1. What is the total consideration transferred by BuyCo in the Transaction, and how should that consideration be measured?

2. How should the Share Value Commitment be reflected on the December 31, 20X1, balance sheet of BuyCo?

3. What journal entries, if any, are required to record the change in fair value for the Share Value Commitment between December 31, 20X1, and June 30, 20X2?

Explanation / Answer

BuyCo is a privately held technology developer and manufacturer in the transportation industry. BuyCo entered into a business combination with SellCo on October 31, 20X1 to purchase certain assets and assume certain liabilities of SellCo. The assets and liabilities acquired meet the definition of a business as defined by ASC 805-10-20, which means that it can be accounted for as a business combination. According to ASC 805-10-25-1, an entity should account for each business combination by applying the acquisition method. The total consideration transferred is equal to the acquisition date fair values of the assets transferred by the acquirer, the liabilities incurred by the acquirer to former owners of the acquiree, and the equity interest issued by the acquirer (ASC 805-30-30-7).

The agreement includes BuyCo transferring to the owners of SellCo $2 million in cash, assuming SellCo’s liabilities of $4.5 million, and transferring 10 million shares of BuyCo’s common stock to SellCo. The fair value of BuyCo’s common stock was $1.95 per share on December 31, 20X1, the date the transaction closed, for a total value of $19.5 million. The acquirer must also recognize the acquisition date fair value of any contingent consideration (ASC 805-30-25-5). A third party valuation specialist estimated the fair value of the the contingent consideration, which is the Share Value Commitment, to be $450,000 on December 31, 20X1.

The contingent consideration states that if BuyCo undergoes an IPO from December 31, 20X1 to December 31, 20X1, the liquidity event period, and the 10 million shares received by SellCo have a fair value of less than $20 Million, BuyCo would be required to issue up to 2 million additional shares of common stock so that the fair value of shares held by SellCo equals $20 million. BuyCo has concluded that it is more likely than not that the number of shares required to settle will be less than 2 million.

BuyCo’s Share Value Commitment should be accounted as a liability on the balance sheet on December 31, 20X1 as defined by ASC 480-10-25-14. As part of the agreement, BuyCo is required to settle the Share Value Commitment in shares. BuyCo’s equity shares shall be classified as liability because at the time of the inception the monetary value of the obligation was a known fixed monetary amount.

ASC 805-30-35-1 states that a contingent payment involving a liability will be re-measured at each subsequent reporting date until the contingent event has been settled, with changes being reported in net income. The measurement period is defined by ASC 805-10-25 as the time after the initial acquisition date during which the acquirer may adjust the provisional amounts recognized at the acquisition date.

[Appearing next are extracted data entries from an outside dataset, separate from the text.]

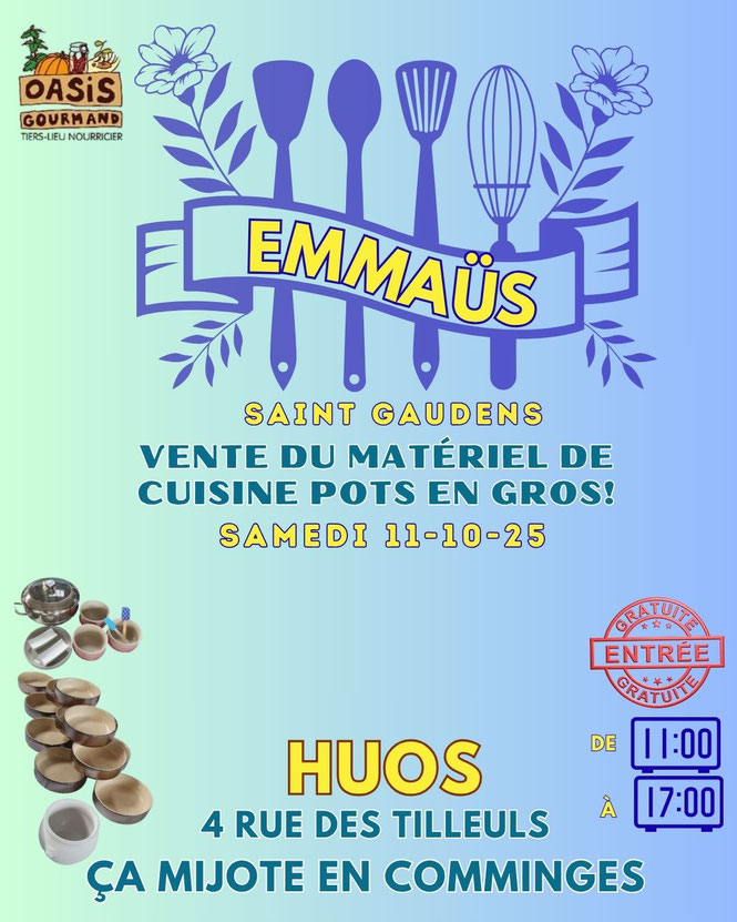 Emmaüs Saint Gaudens sera présente à la seconde édition de Ça mijote en Comminges. Samedi 11 octobre 2025 au tiers-lieu Oasis Gourmand, à Huos. Nous vous attendons pour une journée conviviale!
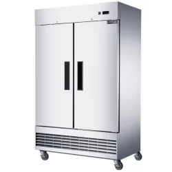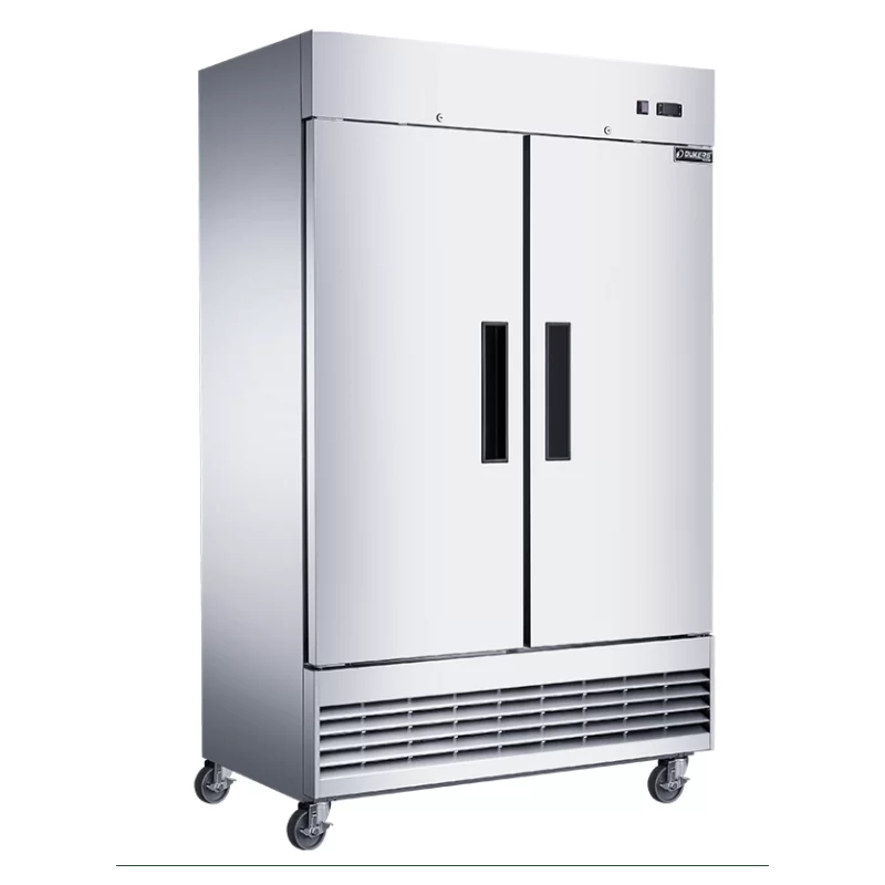 Intérieur et extérieur en acier inoxydable, sol et angles arrondis du meuble pour un nettoyage facile.
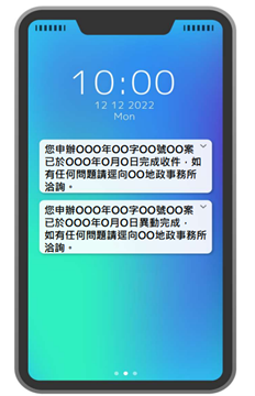 案件審查登記完畢後,還會再發送通知,讓您在第一時間知悉,遇有不法人士偽造文件、冒名申請不動產移轉或借貸,能及早因應處理。
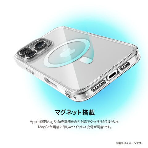 Apple純正MagSafe充電器を含む対応アクセサリが付けられ、MagSafe規格に準じたワイヤレス充電が可能です。
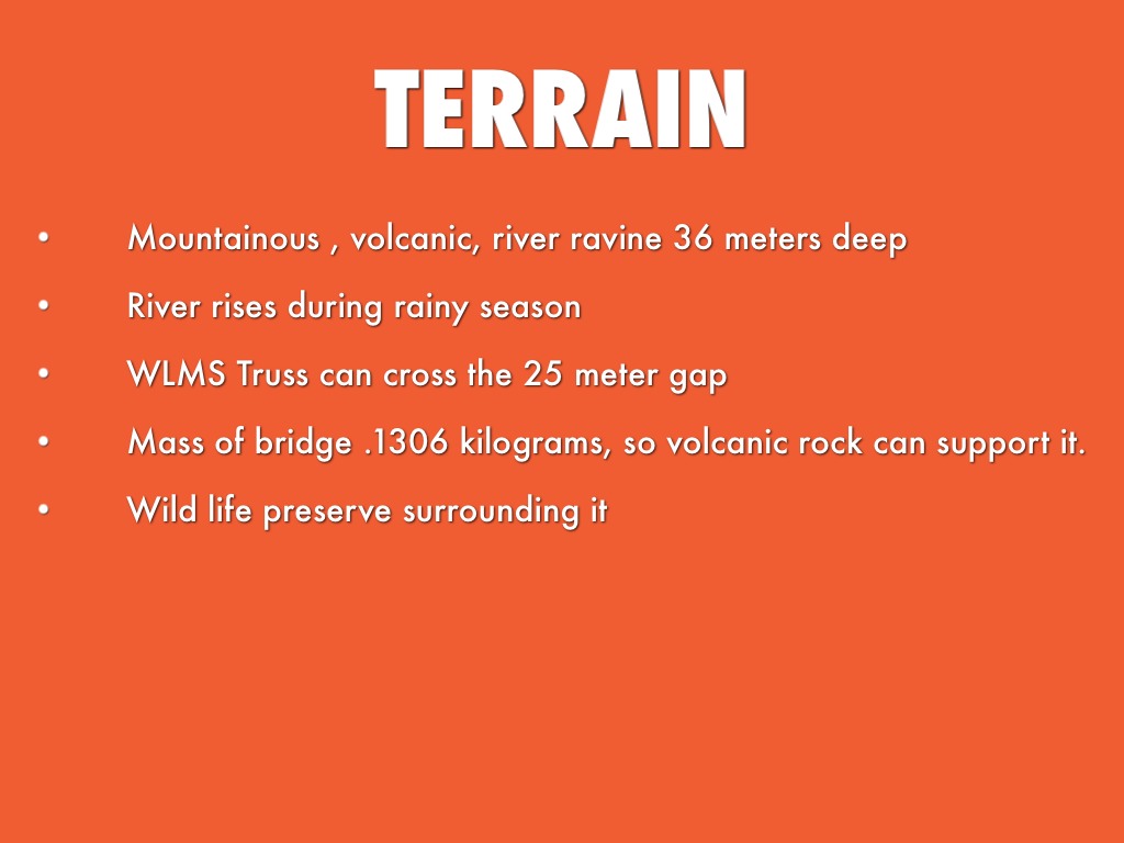 Mass of bridge .1306 kilograms, so volcanic rock can support it.
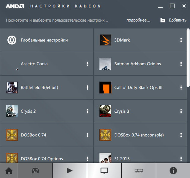 С одной стороны — довольно удобно сделаны профили для игр и изменение их настроек, с другой — игры никак не каталогизированы, все они лежат в одном списке-свалке, что не слишком то удобно. Глобальные настройки и настройки для конкретных игр примерно одинаковы и по функциональности мало отличаются от прежних:
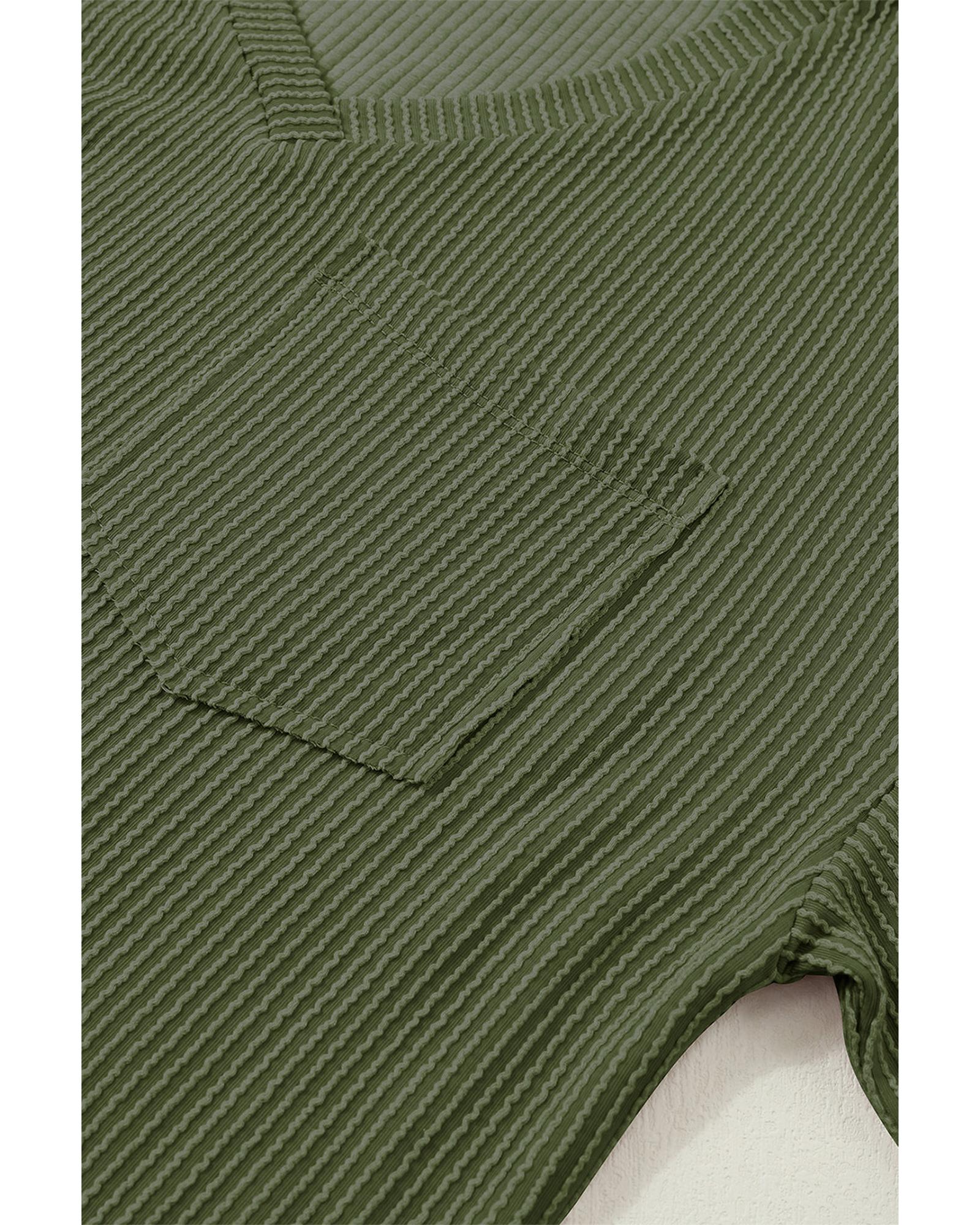 Azura Exchange Jungle Green Corded V Neck Chest Pocket Loose T-shirt – L

The measurement period ends as soon as the acquirer has the needed information about the facts and circumstances and does not exceed one year from the acquisition date. BuyCo signed a agreement with SellCo which defined the liquidity event period beginning at the closing of the Transaction (December 31, 20X1) and the ending on December 31, 20X2. During the measurement period, Buyco should retrospectively adjust the provisional amounts recognized. BuyCo would record the journal entry to adjust for the Share Value Commitment by debiting a loss in net income for $750,00 and crediting contingent consideration liability for $750,000.